Anyway, it would also help if you could post the procedure along with sample data and the desired output.
--
Frank Kalis
Microsoft SQL Server MVP
Webmaster: http://www.insidesql.org/blogs
My blog: http://www.insidesql.org/blogs/frankkalis/[/url]
March 3, 2005 at 8:28 am
I did search the posts in the last year in the programming forum for any related items with no applicable result. I am not familiar with the site layout so have not yet found a separate section with scripts (I only see a link to recent scripts on the opening site page). Here is the desired input and output:
BusNm (Input) (Desired Output)
BRINK'S CO BRINKSCO
SONNY'S REAL PIT BAR-B-Q SONNYSREALPITBARBQ
R J GATOR'S RJGATORS
Here is a SAS statement that will yield the desired output:
/* Update work tables in PCSAS */
data temp;
set Work.GdbDump;
BusNm = compress(BusNm,' ."<>!#&,'); /* remove spaces and punctuation except sngl quote */
BusNm = compress(BusNm,''''); /* remove single quotes */
run;
Here is the SQL Server stored procedure:
CREATE PROCEDURE sp_compress2 @StringToCompress varchar(255), @ReturnVal varchar(255) OUTPUT
AS
/*********************************************************************
sp_compress
This stored procedure removes certain characters from a string and
returns the result.
Usage:
DECLARE @FullName
DECLARE @CompressedFullName
EXECUTE sp_compress @FullName, @CompressedFullName OUTPUT
If @FullName="DOE, JOHN M", then @CompressedFullName="DOEJOHNM"
MODIFICATIONS HISTORY
---------------------
2000-03-13 PC Creation
2005-03-02 LH Modify to remove single quote also
*********************************************************************/
SET NOCOUNT ON
SET QUOTED IDENTIFIER OFF
declare @ResultTx varchar(255)
declare @CompressPosNb tinyint
select @ResultTx = @StringToCompress
/* Compress ' ' (spaces) */
select @CompressPosNb = PATINDEX ('% %', @ResultTx)
while @CompressPosNb <> 0
begin
select @ResultTx = substring(@ResultTx, 1, @CompressPosNb - 1) + substring(@ResultTx, @CompressPosNb + 1, len(@ResultTx))

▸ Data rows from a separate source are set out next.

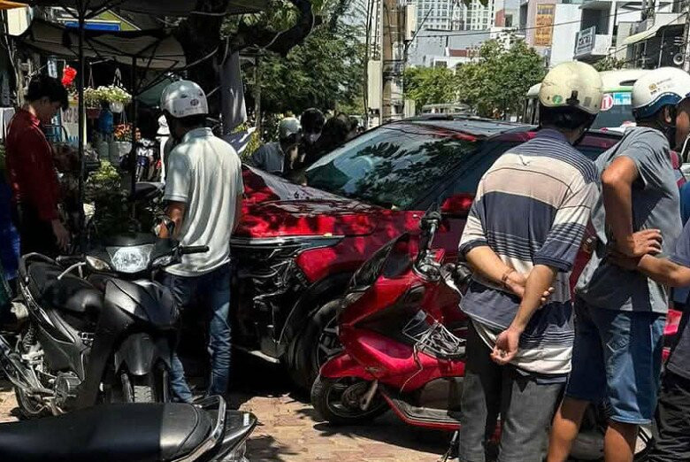 "Ôtô 5 chỗ không rõ vì sao đang dừng trên vỉa hè lại lao thẳng ra đường với tốc độ rất nhanh, nếu không tông vào cây xanh chắc hậu quả còn nghiêm trọng hơn", anh Hùng, nhân chứng kể và cho biết tài xế là phụ nữ.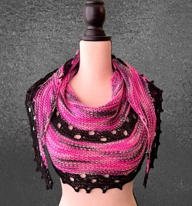 Intermediate beginner friendly and a whole lot of fun, pattern is written, construction is top-down, final size is 13” long tip-to-tip by 68”at widest point.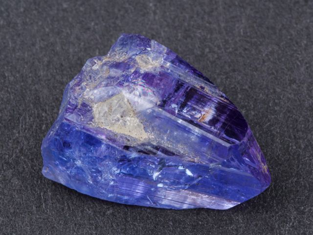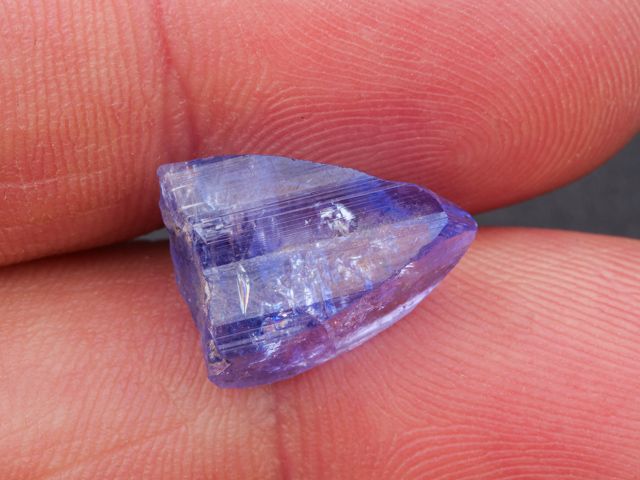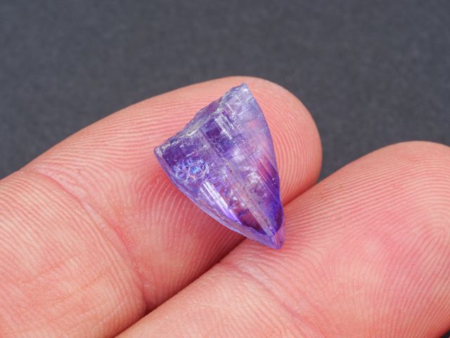 Lustrous tanzanite crystal of blue-violet tanzanite with no matrix attached. The crystal is terminated, highly lustrous, internally transparent. Small contact on the side. New find 1/2023.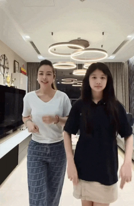 Recently, Jennifer Pham caused a stir on social media when she shared a short clip of herself and her eldest daughter, Thuy An, dancing to a trend. While the former beauty queen amazed everyone with her ageless beauty, looking as young as her daughter's older sister, little Na stole the spotlight. At 13 years old, Thuy An is no longer the petite girl she once was; she's grown taller and more confident, showcasing skillful dance moves and incredibly natural expressions in front of the camera.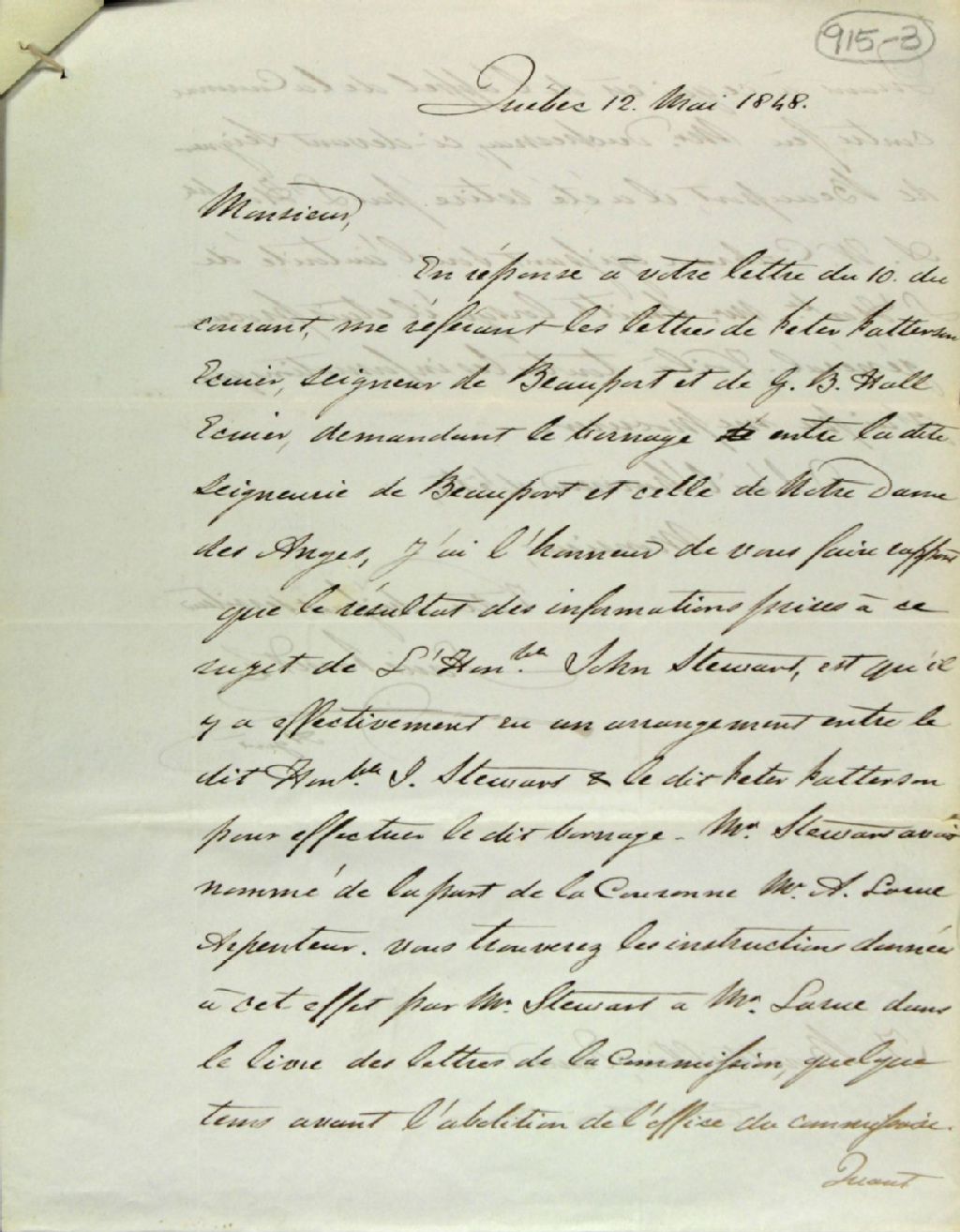 Lettre de Louis Panet, agent, à G. Bouthiller, écuyer et assistant commissaire des terres de la Couronne, qui confirme qu'il y a eu un arrangement entre John Stewart et Peter Patterson pour effectuer le bornage entre les seigneuries Notre-Dame-des-Anges et de Beauport. Larue avait été nommé arpenteur de la part de la Couronne et les instructions données par John Stewart se retrouvent dans le livre des lettres de la commission, quelques temps avant l'abolition de l'office du commissaire. On mentionne également que l'acte décrivant l'appel de la Couronne contre feu Duchesnay, propriétaire de la seigneurie de Beauport, a été retiré par A. W. Cochran (Cochrane) agissant sous l'autorité de W. Smith, alors procureur général, 12 mai 1848, Archives nationales à Québec, Fonds Ministère des Terres et Forêts, (03Q,E21,S64,SS5,SSS5,D915-3).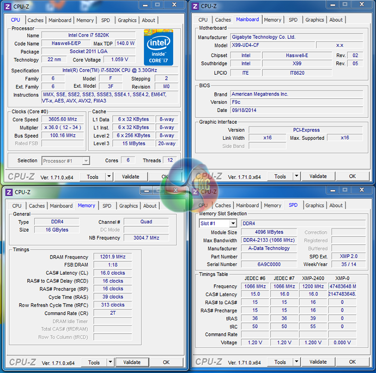 By default, the Gigabyte X99-UD4 motherboard applies multi-core turbo (MCT) and forces the 5820K to a constant 3.6GHz when XMP is enabled. This will be displayed as the ‘stock’ setting.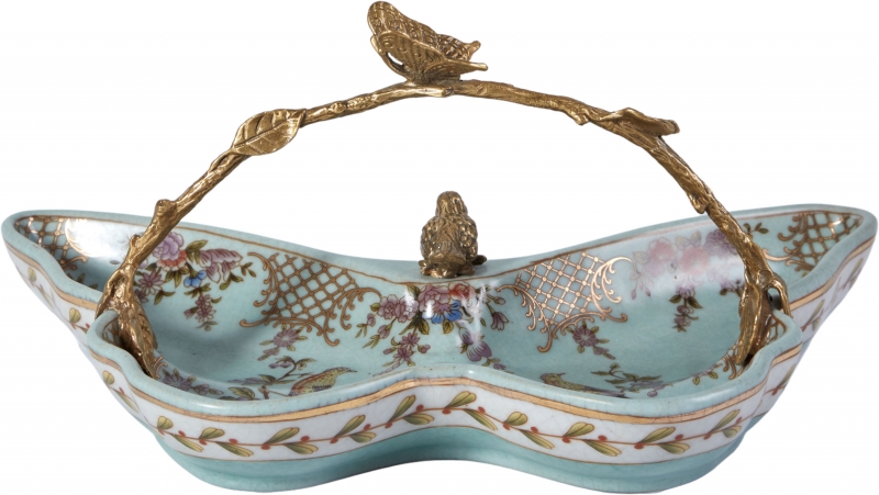 «Hedviga» в нежно-бирюзовом фарфоре с бронзовыми акцентами | Классический романтизм | Декоративное блюдо от HomeAdore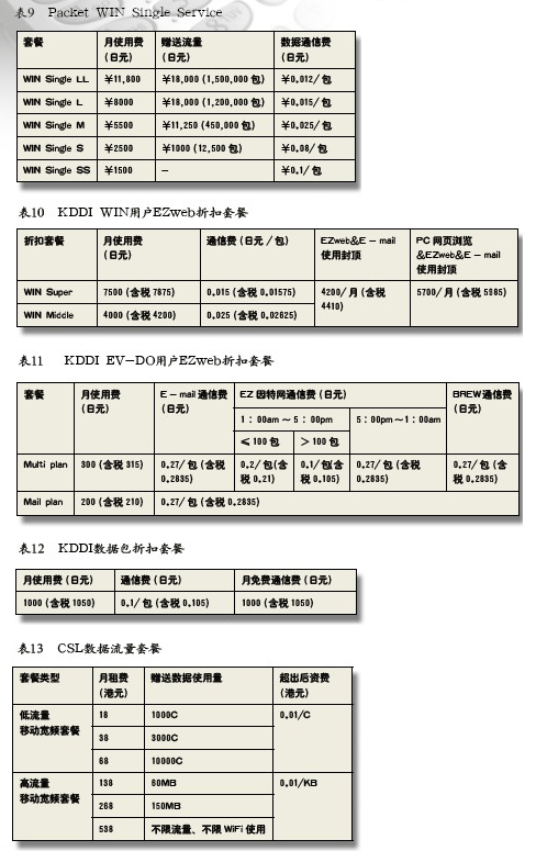 用戶使用WIN au手機(jī),通信包標(biāo)準(zhǔn)計費(fèi)為0.1日元/包(Packet)(含稅0.105日元),其中1Packe=128Bytes。KDDI為用戶提供分檔包月套餐,見表9。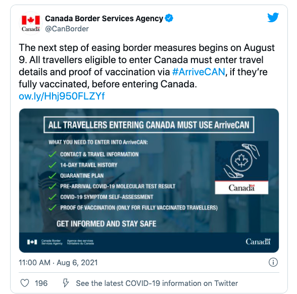 政府计划于 9 月 7 日向来自世界各地的已接种疫苗的旅客开放加拿大边境,但如果加拿大遭受严重的第四波疫情冲击,计划或会再作调整。前往加拿大的旅客还应注意,加美陆地边界的美国一侧至少在 8 月 21 日之前仍对非必要旅客关闭。
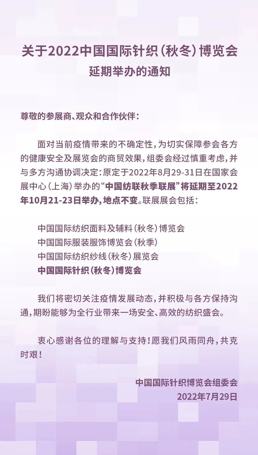關(guān)于2022中國國際針織(秋冬)博覽會(huì)延期舉辦的通知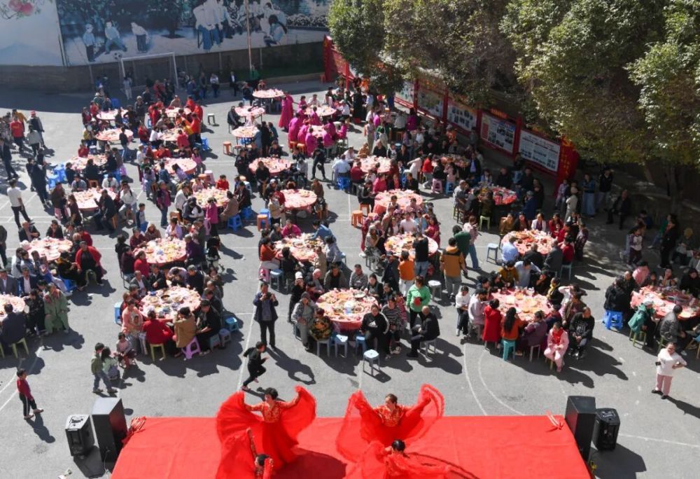 人們?cè)跒豸斈君R市天山區(qū)固原巷社區(qū)舉辦的活動(dòng)中品嘗百家宴,欣賞文藝演出。新華社記者 王菲 攝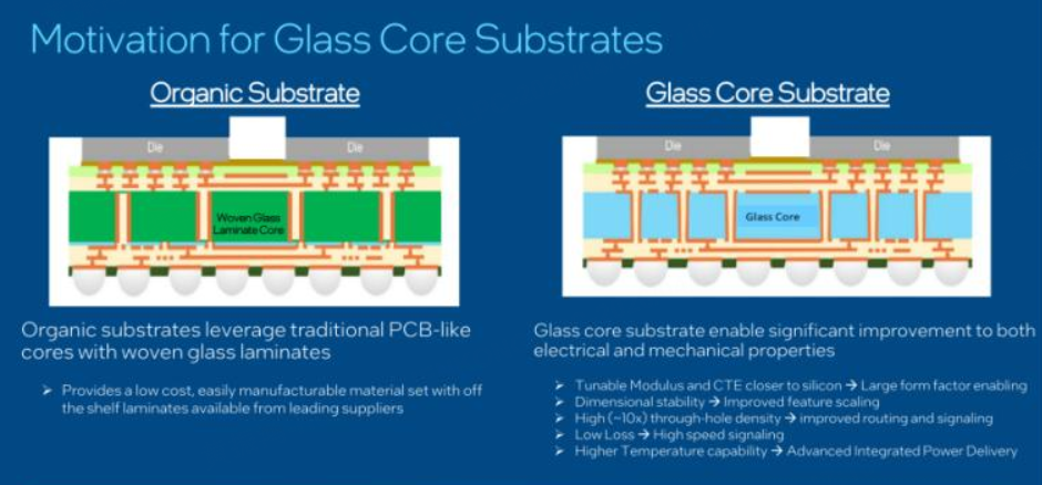 广泛应用于HPC与AI伺服器。英特尔早在2023年宣布玻璃基板计划,并投资巨额于美国亚利桑那州建立研发生产线,目标2030年前实现大规模量产,用于资料中心AI晶片。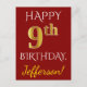 Este simples e personalizado design de cartão de aniversário mostra a mensagem "FELIZ 9º ANIVERSÁRIO", com o "9º" a ter uma aparência falsa de ouro. A frente também apresenta um nome personalizado e um fundo vermelho. A parte de trás apresenta uma mensagem de saudação de aniversário personalizada, juntamente com o endereço personalizável do destinatário do cartão postal de aniversário. Pode ser enviado a alguém que comemora seu nono aniversário. [~Z0000071]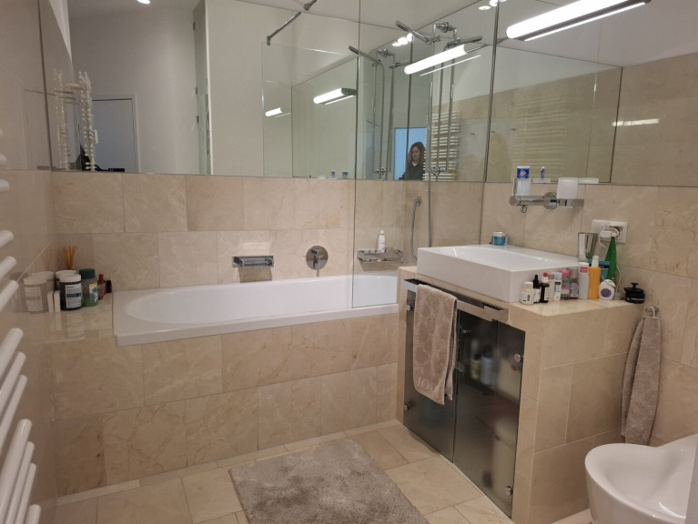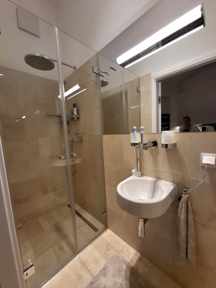 Ein weiteres Badezimmer mit Dusche und WC steht ebenfalls zur Verfügung und unterstreicht die Alltagstauglichkeit der Wohnung, insbesondere für Familien oder Gäste.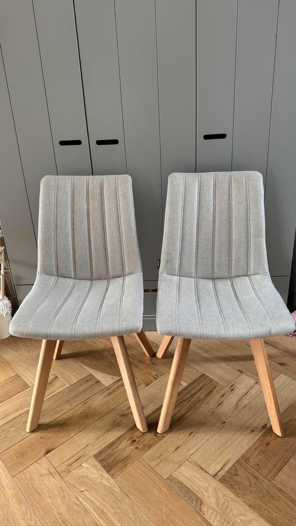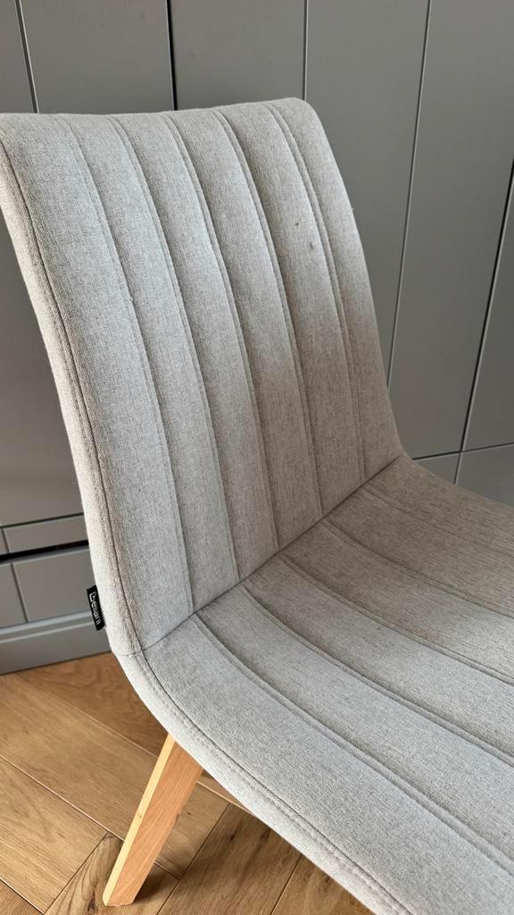 Gratis af te halen. 2X stoel met grijze stoffen bekleding en houten poten. Merk belliani.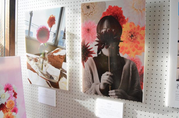 塙町から頂いたのダリアの生花を実際に観察して、イラスト制作を行う学生、写真撮影を行う学生と、それぞれの手法で表現しています。

select @CompressPosNb = PATINDEX ('% %', @ResultTx)
end
/* Compress '-' */
select @CompressPosNb = PATINDEX ('%-%', @ResultTx)
while @CompressPosNb <> 0 /* and @CompressPosNb <> len(@ResultTx) */
begin
select @ResultTx = substring(@ResultTx, 1, @CompressPosNb - 1) + substring(@ResultTx, @CompressPosNb + 1, len(@ResultTx))
select @CompressPosNb = PATINDEX ('%-%', @ResultTx)
end
/* Compress "'" */
select @CompressPosNb = PATINDEX ("%'%", @ResultTx)
while @CompressPosNb <> 0 /* and @CompressPosNb <> len(@ResultTx) */
begin
select @ResultTx = substring(@ResultTx, 1, @CompressPosNb - 1) + substring(@ResultTx, @CompressPosNb + 1, len(@ResultTx))
select @CompressPosNb = PATINDEX ("%'%", @ResultTx)
end
/* Compress '.' (period) */
select @CompressPosNb = PATINDEX ('%.%', @ResultTx)
while @CompressPosNb <> 0
begin
select @ResultTx = substring(@ResultTx, 1, @CompressPosNb - 1) + substring(@ResultTx, @CompressPosNb + 1, len(@ResultTx))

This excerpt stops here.